This Lent, we’ve been going through a series meditating on some of the implications of the fact that we worship a God who was “slain before the foundations of the world”–in eternity past–and therefore has some aspect of “slain-ness” to his very nature.
In the last couple of posts, we’ve been focusing on what this means for the many references in which the Bible says that the world was created “through Jesus”. What might it mean that the world came into being through a suffering and slain Lord? What might it mean for our own suffering?
This got me thinking about Evolution.
Obviously, the main vehicle driving Natural Selection is death and dying. This is one of the biggest hindrances that Christians have to the idea of Evolution. If our usual categories are correct of a “good” creation “falling”, and only then ushering “death” into the world, how does the thoughtful Christian deal with the realities of Evolution?
I think this Lenten idea of God’s “slain-ness” can help.
Few would argue with the idea that Evolution is one of the most dominant strands in all of Creation. But, there is another quite-dominant strand woven through and through this tapestry of our existence: the nature of a slain and suffering Lord through whom the world was made.
And if this world was made through a dying and suffering Lord, that Creation would bear some of the marks of its Maker. One of the most fundamental strands woven into the tapestry of its “pre-fallen” (if we must use that category) existence is that of suffering and death.
And so, first, a simple application of this: if the “Good” Nature of our “Good” God can bear the essence of Death and Suffering in His Person from Eternity Past, then death and suffering can exist in a “good” world before morally culpable creatures can make this world in need of that Cross.

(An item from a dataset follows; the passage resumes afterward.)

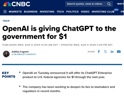 【环球网科技综合报道】8月7日消息,美国人工智能公司OpenAI近日宣布与美国政府中央采购部门——美国总务管理局达成合作协议。根据协议,自明年起,OpenAI将以每个联邦机构1美元的价格,向参与合作的联邦机构提供ChatGPT企业版服务。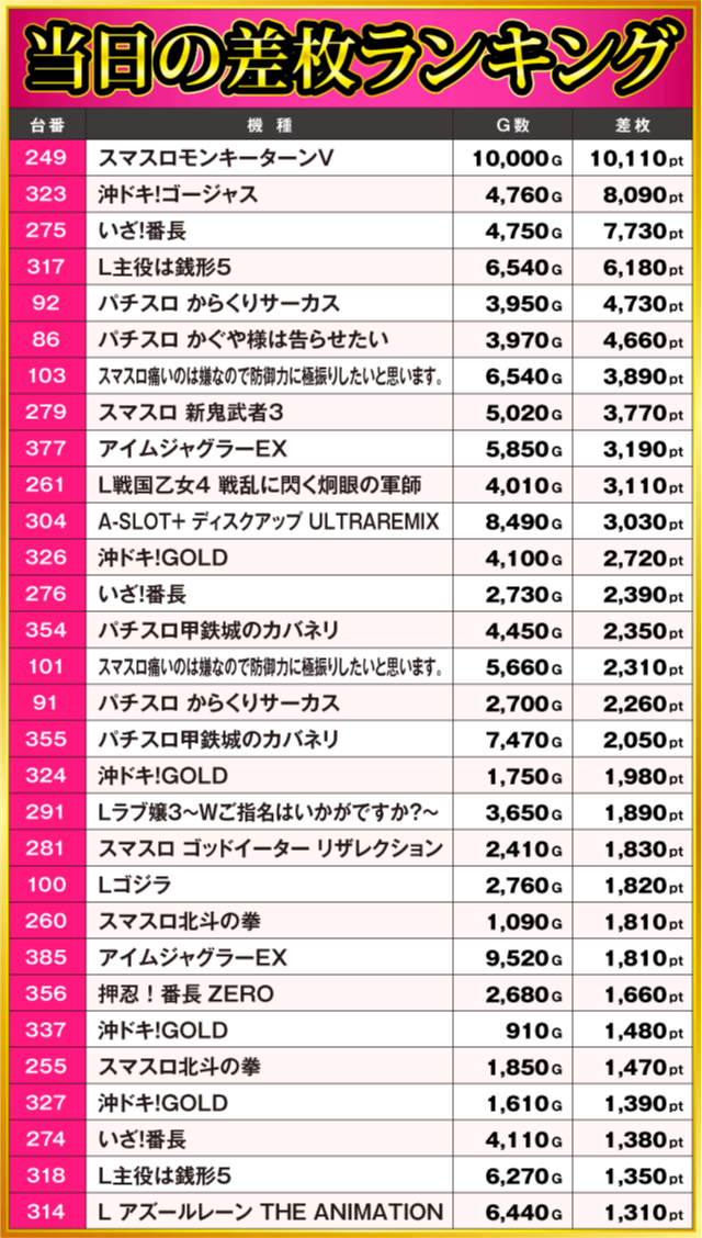 この日、最もプレイヤーの注目を集めたのが『スマスロモンキーターンV』で、249番台が万枚超の+10,110ptを叩き出しランキングトップに。次いで『沖ドキ!ゴージャス』が+8,090pt、『いざ!番長』が+7,730ptを記録するなど、人気のスマスロを中心にハイスコアが続出し店内を盛り上げていた。

But I don’t want to stop there. There a few deeper and more mysterious applications of this.
I would argue that this principle doesn’t just create a mere “allowance” for Evolution in a Christian view of the world, but it actually makes Evolution by Natural Selection a more beautiful, more explanatory, and more logical filter through which to view Redemptive history, the world, the Gospel, and the Cross.
Our hope in the fact that this world was created through a slain Lord is that this is not the end of the Story. After “slain-ness” comes the real point–the goal: Resurrection and New Creation.
God bears within Himself a Story: it’s always how he reveals Himself. In his Creation, his Church, his Word, and his Son, God’s revealing of Himself always unfolds in time and progress. Or, you could say, evolutionarily.
The Gospel, at its heart, is life by way of death; Story completed by way of suffering.
Science, in its testing of Evolution, holds that, from the perspective of the observable realm, there appears to be no “goal” inherent in Natural Selection; it’s a passive process, rather than an active one. From our theological perspective, however, we would hold that there is a divine goal to God’s work in the world through Evolution.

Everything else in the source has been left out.